By Brenda Johnson, Work, Careers and Job @40+
Carrier Corporation’s move from Indiana to Mexico became national news. The 1,400 Carrier employees know their positions are being phased out and that they need to prepare for new careers. It usually doesn’t happen that way; job loss typically happens suddenly.
When Dick Rea learned the position he held for nearly nine years was eliminated in a corporate restructuring, it was a shock. As a long-time professional in television broadcasting and corporate communications, he was confident about updating his resume and cover letter. Rea also had Indianapolis’ secret weapon for job search: Passport to Employment (P2E). “My job was eliminated on June 25 and on June 30, I was front and center at P2E, listening to Earle Hart and his team of volunteers,” says Rea.
P2E meets on every Monday 7-9 p.m. in the Church at the Crossing, 9111 Haverstick Road, Indianapolis. Its goal is to help the unemployed overcome their obstacles and meet their needs.
The results of P2E are impressive: nearly 1,200 people have found full-time employment and more than 1,800 people have found “bridge employment” of part-time, seasonal or temporary work. While P2E has many success stories of Boomers who have revitalized their careers, it welcomes job seekers of all ages, career levels and career types. P2E also helps the underemployed find better jobs and through partner resources, the group helps connect job seekers with services from food pantries and interview clothes to medical and dental services. Earle Hart, the energetic 73-year-old director and founder of P2E, says, “The first question I get is how much it costs to join?” And then he tells them that P2E is free to a point. “Your fee is required when you find a job: bring cookies for Monday evening’s meeting and share your job search success story,” laughs Hart. Participants do not need to be members of Church at the Crossing to attend P2E.
Hart and the dozen volunteers who comprise the P2E “staff” use their career experience to help others. Like Hart, many are retired executives, although the staff includes former entrepreneurs and hiring managers along with others active in the workforce.
In addition to the Monday night meetings that draw 40-60 people, there are workshops on a variety of job search topics, guest speakers and accountability groups meeting during the week across the city to accommodate people closer to home.

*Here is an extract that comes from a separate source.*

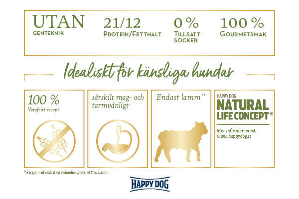 Erbjud din fyrbenta vän en smakhöjdpunkt med den lättsmälta sammansättningen från Happy Dog Neuseeland. En riktig godbit, som är särskilt mag- och tarmvänlig tack vare det lättsmälta lammet och det glutenfria receptet. Noggrant utvalda, helt naturliga ingredienser gör produkten extremt god och lättsmält för din älskling. Baserat på det unika Happy Dog Natural Life Concept® stödjer nyzeeländsk mussla lederna och värdefulla omega-3- och omega-6-fettsyror säkerställer en glänsande päls.

Hart offers special career advice to Boomers. “I remind Boomers of the three things,” says Hart. The first is that you have to make your job search about the hiring manager, not yourself. The second is that the resume is an application for an interview, not a job. Third is to use the exact language in the job posting in your cover letter or resume. His number one piece of advice for Boomers in the job market is about attitude. “People over 55 believe the myth that due to age no one will hire them,” says Hart. At P2E, that myth is busted almost every Monday.
What happened to Dick Rea? It took longer than he expected; however, his new job was well worth the time investment. He brought cookies to the Monday P2E meeting and shared his job search success.